For each subsystem there is a device tree entry, which will result in a separate
device node `/dev/ethosu<nr>` being created by the Ethos-U kernel driver. For
multi NPU subsystems there will still only be one device node per subsystem. The
distribution of inferences within a subsystem is handled by the software running
on the Cortex-M.

Buffers used to store networks, IFMs and OFMs are allocated from the device
node. This is because only the device node knows where to allocate the memory
and how to translate Linux logical addresses to subsystem DMA addresses. As a
consequence buffers, networks and inferences are bound to a device node and
can't be easily moved.

# Licenses

The kernel drivers are provided under a GPL v2 license. All other software
componantes are provided under an Apache 2.0 license.

Please see [LICENSE-APACHE-2.0.txt](LICENSE-APACHE-2.0.txt) and
[LICENSE-GPL-2.0.txt](LICENSE-GPL-2.0.txt) for more information.

# Contributions

The Arm Ethos-U project welcomes contributions under the Apache-2.0 license.

Before we can accept your contribution, you need to certify its origin and give
us your permission.
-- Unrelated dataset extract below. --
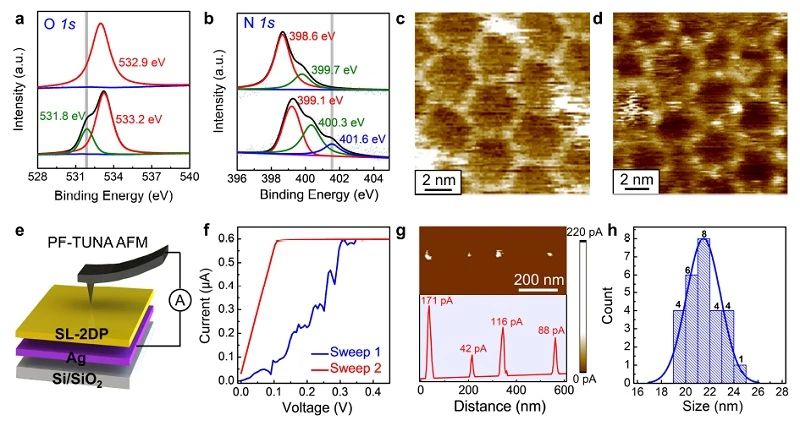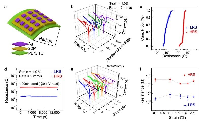作者对器件均一性提升的原因进行了探究,XPS测试表明,亚胺键处的N以及烷氧基处的O与Ag进行配位,锚定导电丝形成位点,如STM图像所示:Ag总是位于二维聚合物的骨架上,降低了导电丝的随机分布;同时表明器件可放缩至纳米尺度。通过峰值力隧穿原子力显微镜构筑的超小器件 (< 50 n m 2) 表明其优异的可拓展性。此外,由于单层二维聚合物超薄的特性以及固有的柔性,超薄柔性器件具有良好的耐弯折性能,能承受高达2.6%的应变。该工作首次将单层二维聚合物薄膜应用于忆阻器,表明单层二维聚合物薄膜在高密度信息存储以及超薄柔性电子器件等方面均具有潜在的应用前景。

For this process we use the Developer Certificate of Origin
(DCO) V1.1 (https://developercertificate.org).

To indicate that you agree to the terms of the DCO, you "sign off" your
contribution by adding a line with your name and e-mail address to every git
commit message. You must use your real name, no pseudonyms or anonymous
contributions are accepted. If there are more than one contributor, everyone
adds their name and e-mail to the commit message.

```
Author: John Doe \<john.doe@example.org\>
Date:   Mon Feb 29 12:12:12 2016 +0000

Title of the commit

Short description of the change.

Signed-off-by: John Doe john.doe@example.org
Signed-off-by: Foo Bar foo.bar@example.org
```

The contributions will be code reviewed by Arm before they can be accepted into
the repository.

# Security

Please see [Security](SECURITY.md).

# Trademark notice

Arm, Cortex and Ethos are registered trademarks of Arm Limited (or its
subsidiaries) in the US and/or elsewhere.